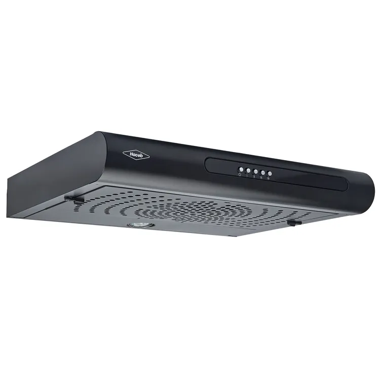 Campana para extracción de calor en cocinas, con diseño redondeando e iluminanción tenue según el momento.
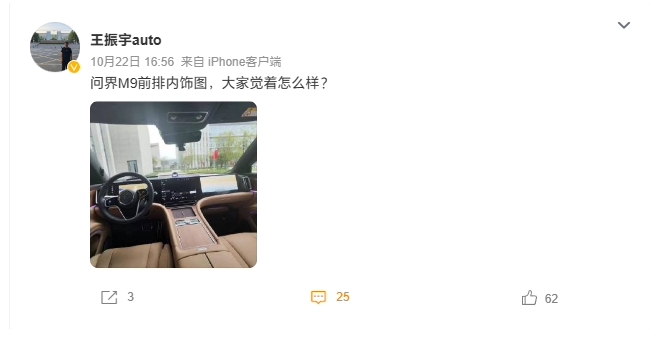昨日開始,微博多名博主陸續曬出了問界旗艦 SUV 車型 M9 的前排內飾布局,這款新車的座艙和中控部分這次以更清晰的方式展現。
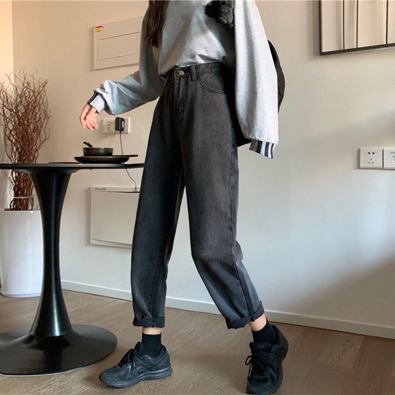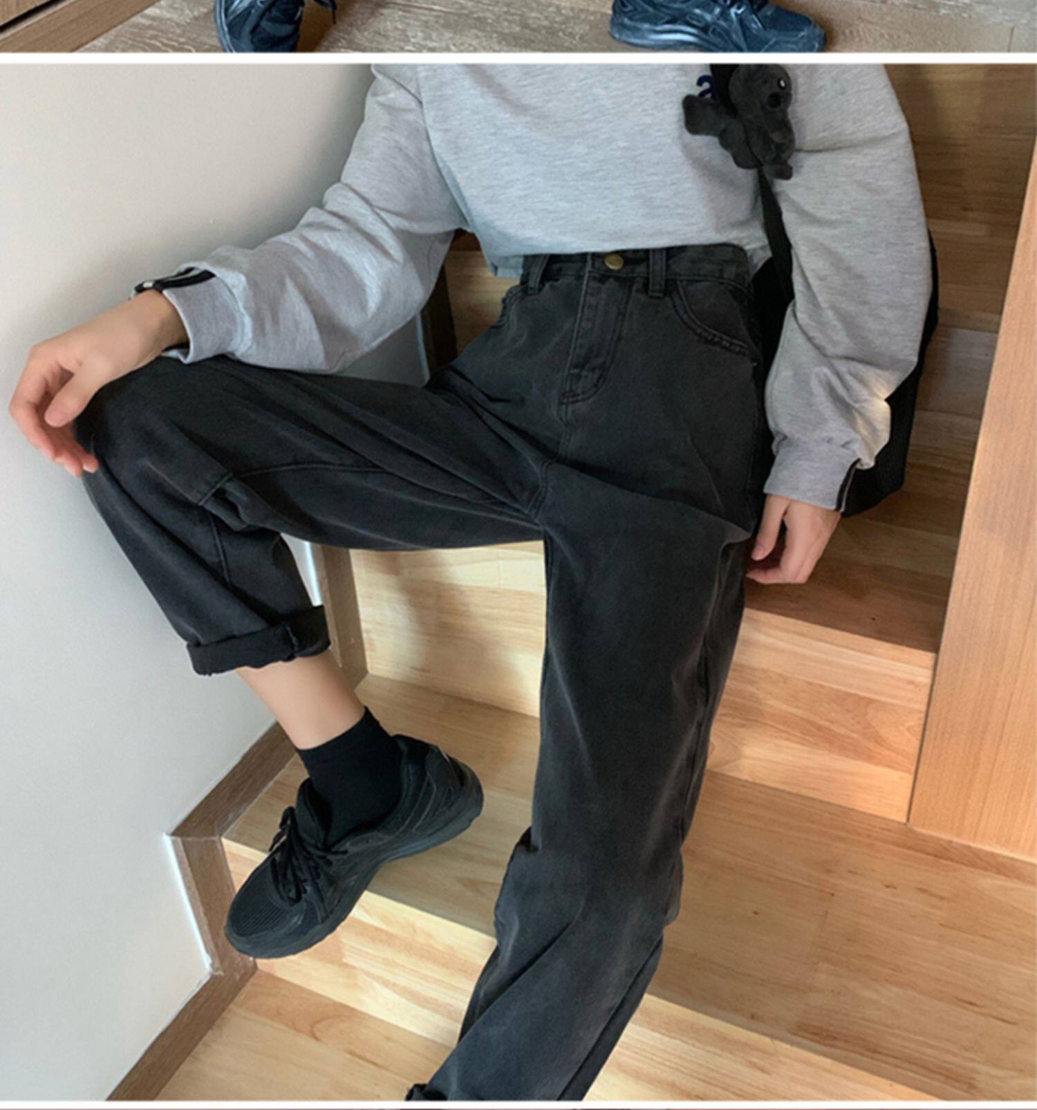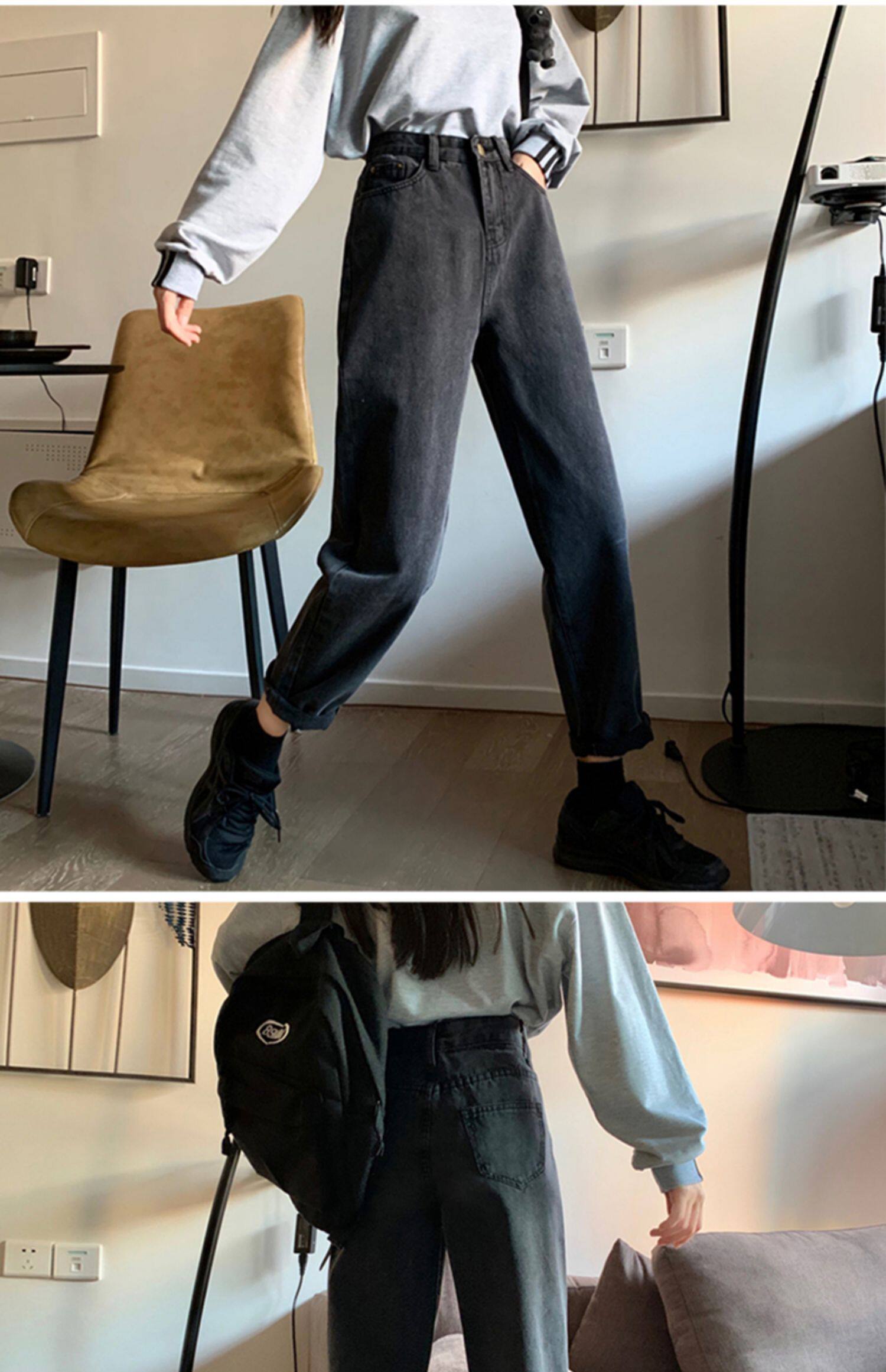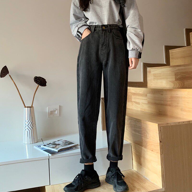 Tide, осенние джинсы, приталенные штаны, большой размер, высокая талия, свободный прямой крой
------------------------------------------------------------------------
■ **Exercise requirements**:
Pictures stay out. Everything else in the listing gets printed exactly.

■ **Answer area**:
 Campana para extracción de calor en cocinas, con diseño redondeando e iluminanción tenue según el momento.
昨日開始,微博多名博主陸續曬出了問界旗艦 SUV 車型 M9 的前排內飾布局,這款新車的座艙和中控部分這次以更清晰的方式展現。
 Tide, осенние джинсы, приталенные штаны, большой размер, высокая талия, свободный прямой крой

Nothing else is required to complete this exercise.